Work out 3-4 days per week on treadmill and elliptical for 30 – 60 minutes

Now, the lessons.

  • It’s the mix, not the volume. There is no question I can put away food like I’m starving all day long. But, shifting to a diet that is more plant based let’s me still eat like crazy but filling up on healthy calories rather than sugar, bad fat, and refined carbs. Lean protein thrown in and I can be full and satisfied at 800 calories (I need to force myself to add in snacks to stay at a healthy calorie intake). When I was pounding down fruit thinking it was healthy, I actually gained a pound.  When traveling to Munich I hadn’t eaten all day because of jet lag, so my dinner of fondue and wine didn’t matter, I still lost weight that week.
  • Prepare my own food. In the morning I would rush out the door and think I could pick up breakfast or buy lunch. This caused me to choose the worst food on the menu because I was hungry and it looked so good. Keeping healthy items in my bag while traveling and bringing food to the office allows me to plan for healthy eating and not cave to my basic instincts.  Still need to look at the numbers, but I’m pretty sure we are saving money on restaurants and office café this month.
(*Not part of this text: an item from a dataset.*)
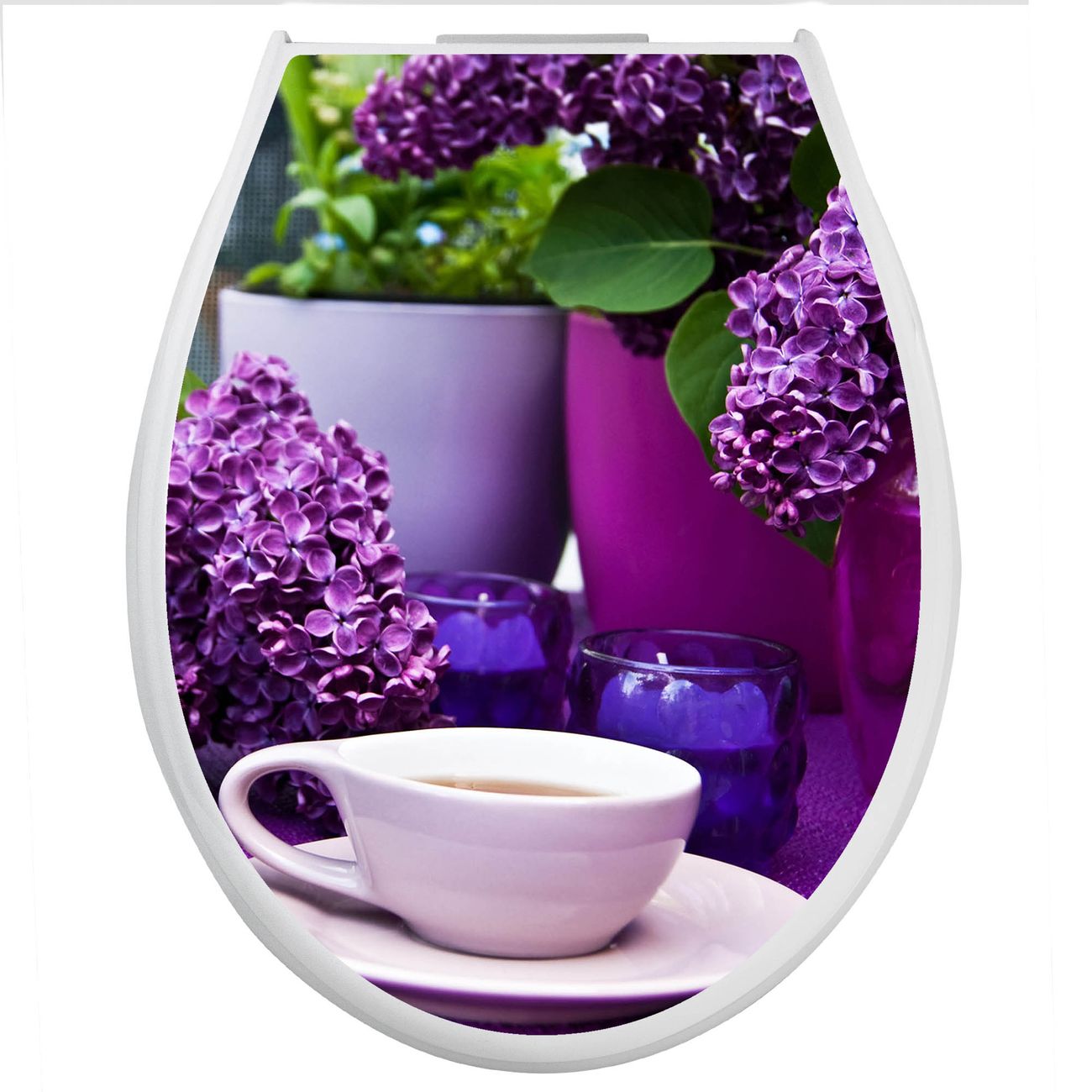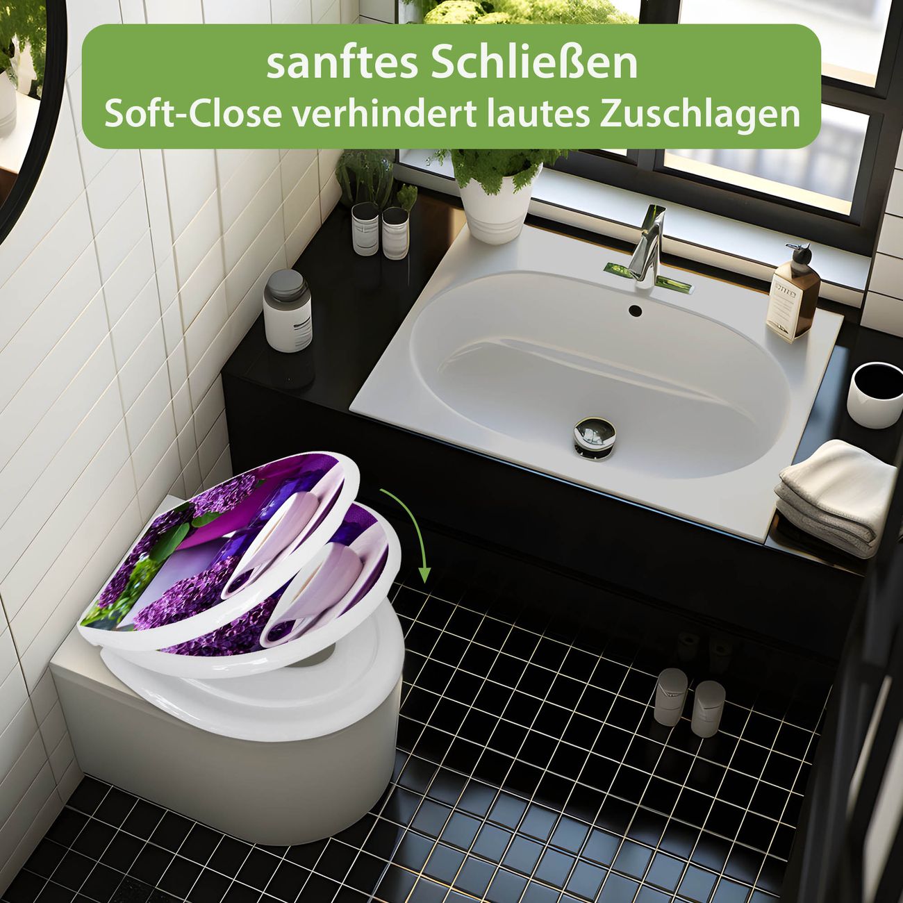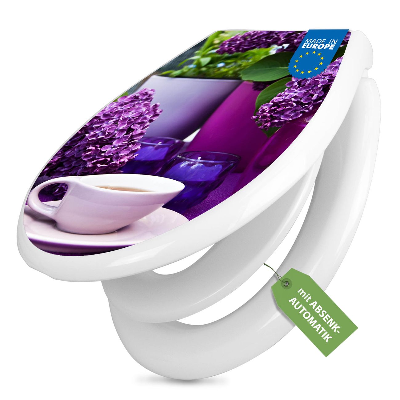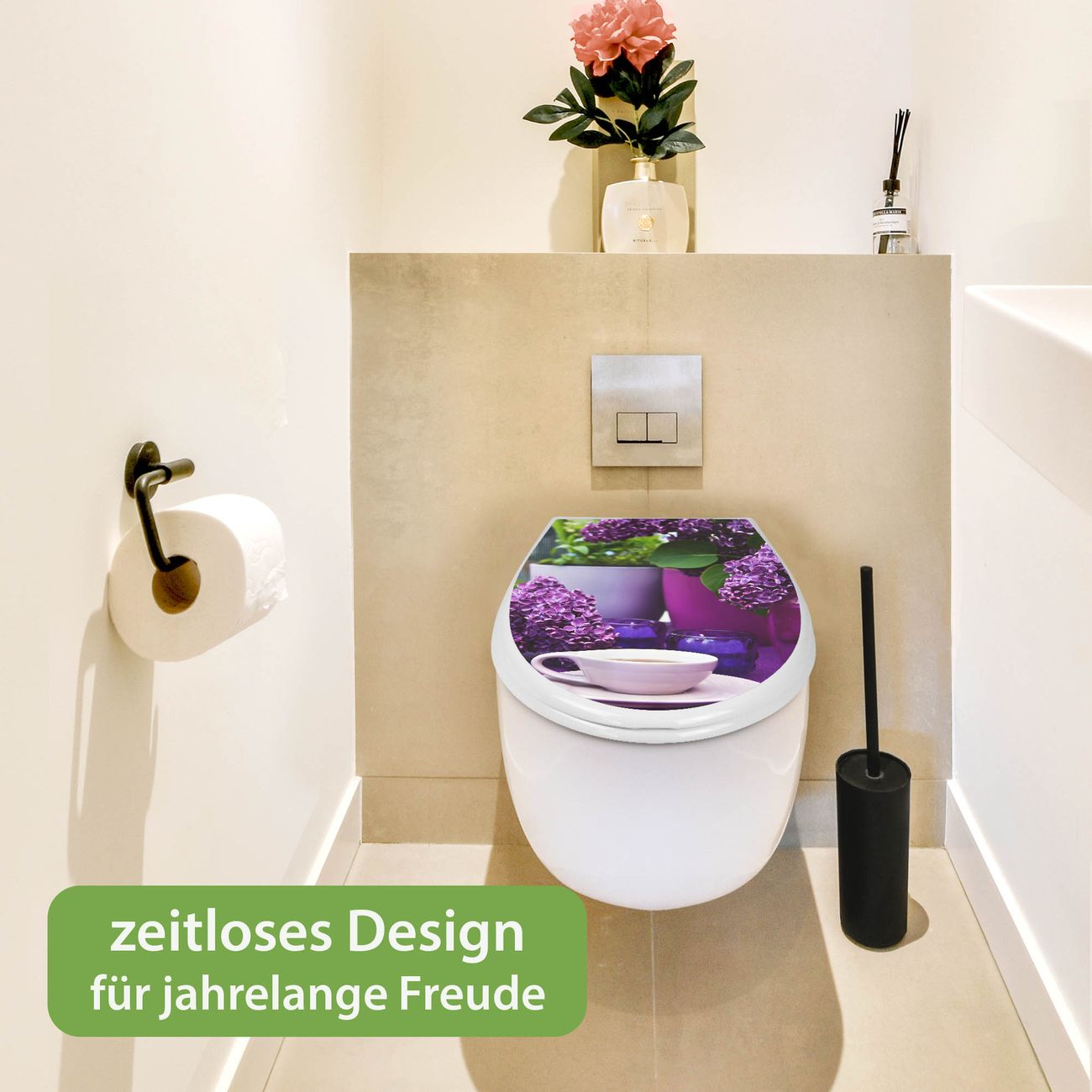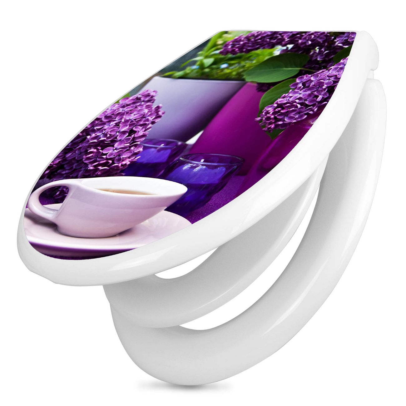 Toilettendeckel weiß mit Absenkautomatik Motiv Flieder

  • Give myself permission to care for myself. My habits revolved around work. I prioritized clients above myself. Don’t get me wrong, I love what I do so it never felt like work. However, it can be exhausting and to relax it was easier to plop on the couch to watch a show or movie with a glass of wine to unwind. But, this pattern caused me to eat poorly, not get enough sleep, and never get enough activity and exercise. Now, I needed to give my self permission to take care of myself and carve out time to prepare my meals to take with me, cook healthy dinners, and get time in to exercise. In the end, I’m more energized, thoughtful, and even in how I approach work. I’m more balanced.
  • Don’t compete with my old self. Competitive by nature, aggressively driven, and very metric driven, the fact that I couldn’t run at my old pace let alone get through a 5k is frustrating. The fact that I still have clothes hanging in my closet and pants in my drawers that I couldn’t put on if I tried just riles me.  It certainly is part of what go me motivated to turn my lifestyle around. But, it is also a curse to my journey. I have to actively separate my old self from who I am now. I need to treat who I was as someone that isn’t me. It’s a strange experience. When I would look in the mirror I didn’t recognize myself and subconsciously re-cast my image as my old self. Now, I look in the mirror and actively seek to see me. In this it lets me focus on today and not who I was.
  • Celebrate each gain towards a healthy lifestyle. There was a day when I only had a .2 weight loss. There was a day that I was able to move down a notch on my belt.  There was a day that I stayed on the treadmill for 60 minutes. There was a day when I wrote a blog. Some things are bigger than others. Together they each are signs I am moving in the right direction and should celebrate. Share with others. Walk a little taller. Smile a bit more. Be a little nicer.  I use each win to motivate me further on my journey.
  • Don’t punish myself for the bad days. I jumped on the scale earlier in the week and saw a 1.5 lb gain. It was right after crowing about my breaking the 160 mark. I looked hard at what I was doing wrong and couldn’t figure it out. It was crushing. It also wasn’t the first time that happened this month. Also, there are days when not only do I not close my Apple Watch rings, but they are so open, I look like a sloth! Let’s not forget my fondue night either. In the end, it doesn’t matter. I have more good days than bad and I’m headed in the right direction. As long as a bad day doesn’t turn into two, it’s not worth beating myself up.